My daughter was awake, aware, and oriented x 3. Her problem was diabetic ketoacidosis, and once the sugars are brought back to normal, recovery is rapid. The hospitalization is to make sure that the sugars are under control.

To her left in the line of beds was a man on a ventilator to assist breathing. He was semi-conscious. Doctor and herd of flunkies came in. Told him,”You are not sick enough to send to ICU, and you have no one to care for you at home. We are going to remove the ventilator and you will be dead within a half an hour.”.

They did. He was. He fought for his life, but they removed it. She listened to him suffocating through the curtain.

Across the aisle was an elderly man who had somehow survived the year long wait after breaking his hip for surgery. The anesthesiologist let him come up too high, he gagged and vomited, and aspirated vomitus. He had aspiration pneumonia, which was more than they wanted to treat. So they were letting him die. My daughter got the story from his wife, who was with him.

The night after listening to the murder of the man next to her, she heard the man sit up about 0400 and croak, “I’m dying”. He was a little premature, as he did not actually die until about 1000. Murder by deliberate neglect.

Right now, according to the Brit papers, they are paying 5 figure bonuses to doctors who do NOT refer more than a quota of patients for expensive cancer treatments every quarter. So it is to their personal profit that their patients die of cancer.

That is the way American healthcare is going under Obamacare, with California on the cutting edge. Happily, my last family members moved out of California over a year ago. Anyone who does not want to be murdered by the State, or any medical professional who did not train at Auschwitz needs to get out of California ASAP.

    They actually phased out the Liverpool Care Pathway last year because it was getting so much bad press. So now they can claim “We don’t use the LCP anymore!” Unfortunately, what replaced it is even worse.

    New NHS death guidelines ‘worse than Liverpool Care Pathway’

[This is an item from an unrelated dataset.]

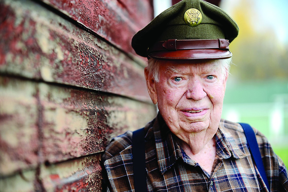 World War II veteran Jim Edmiston wears his old Army cap outside his home in Helena Flats on Nov. 6, 2014. Edmiston’s father, James Gray Edmiston, also was an Army veteran. (Brenda Ahearn/Daily Inter Lake)

    One of the first medics to raise concerns about the now discredited Liverpool Care Pathway says new protocols to replace it are more dangerous, and could hasten patients’ deaths

    The national proposals would encourage hospital staff to guess who was dying, in the absence of any clear evidence, and to take steps which could hasten patients’ death.

    The Liverpool Care Pathway – which meant fluids and treatment could be withdrawn, and sedation given to the dying – was officially phased out last year, on the orders of ministers.

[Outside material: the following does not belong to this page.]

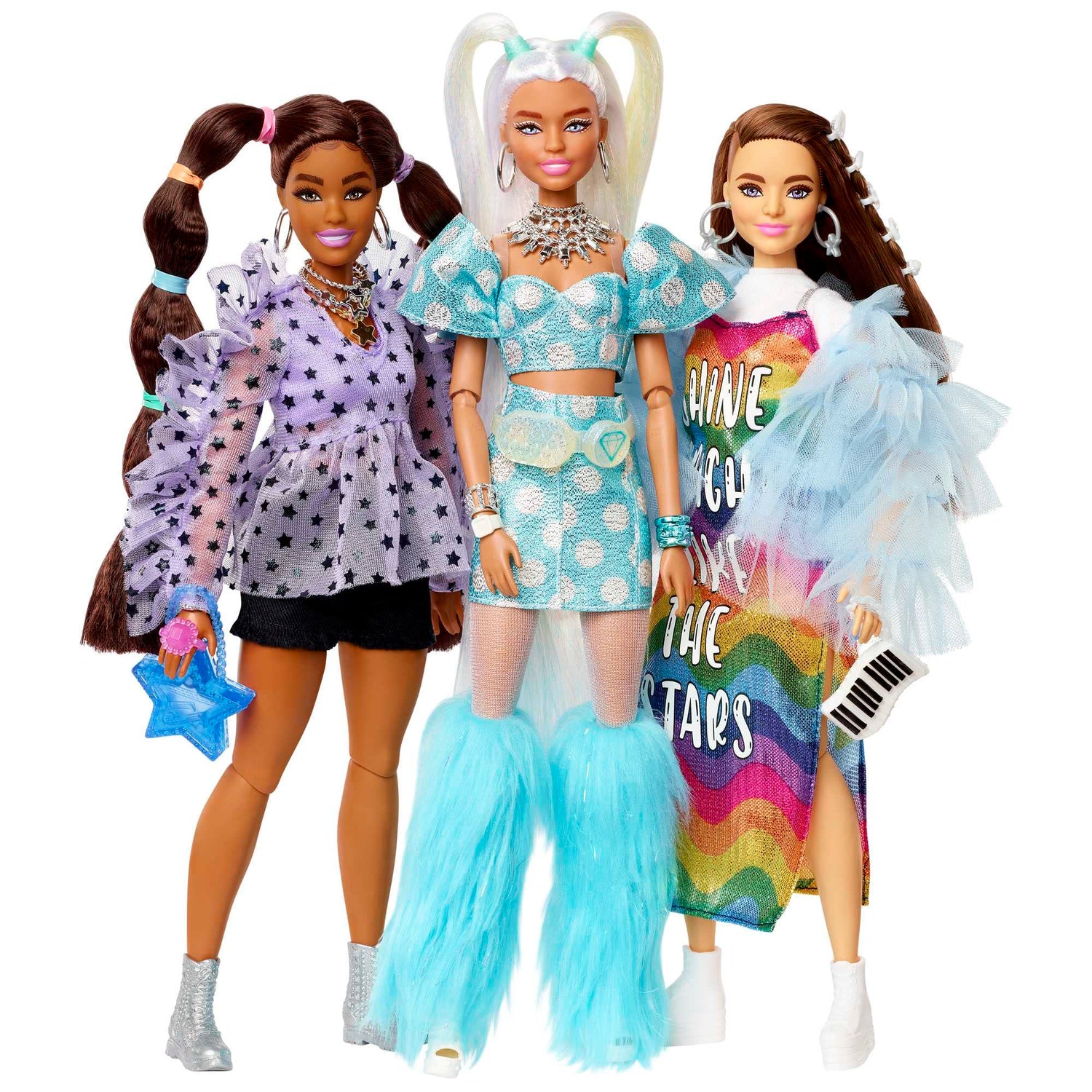 - Las muñecas Barbie Extra destacan por sus estilos únicos y prendas atrevidas, como coloridos tops estampados, accesorios forrados de pelo, montones de collares y mucho más.

    It followed concern that under the protocols, thirsty patients had been denied water and left desperately sucking at sponges.

In the Netherlands, physicians are killing about 20 people per week under similar assisted suicide laws.

The victims are almost all patients living in extended care facilities at the hospital.

In other words, they are unprofitable patients.

A doctor in the Netherlands is allowed to make decisions on behalf of the patient, as long as other relatives cannot be located with reasonable efforts.

In other words, Doctors are killing off unprofitable patients when their relatives don’t visit.

These laws are being abused to essentially murder people.

And that’s what’s coming here.

The Hippocratic Oath was deprecated with the progress of elective abortion after constructing a male-female congruence (i.e. “=”) that required aggressive indoctrination efforts to force popular acceptance.

BTW, I disabled ad-block for LI with the understanding there would be no pop-ups or autoplay videos. This autoplay starts off with freaking bagpipes.

Strike one.

I sure hope the democrats take advantage of this fine offer. Along with abortion maybe we can see the party “die” off.

What if this procedure doesn’t work as advertised? I think we need a subject to try it out, to make sure that the folks are getting a nice, pleasant death.

The first subject should be Governor Jerry Brown; after all, he has no brainwave activity, he looks pretty dead already, and we’d all be a lot better off without him!

(Actually, the lack of brain activity has been known for a very long time, so he’s overdue if anything.)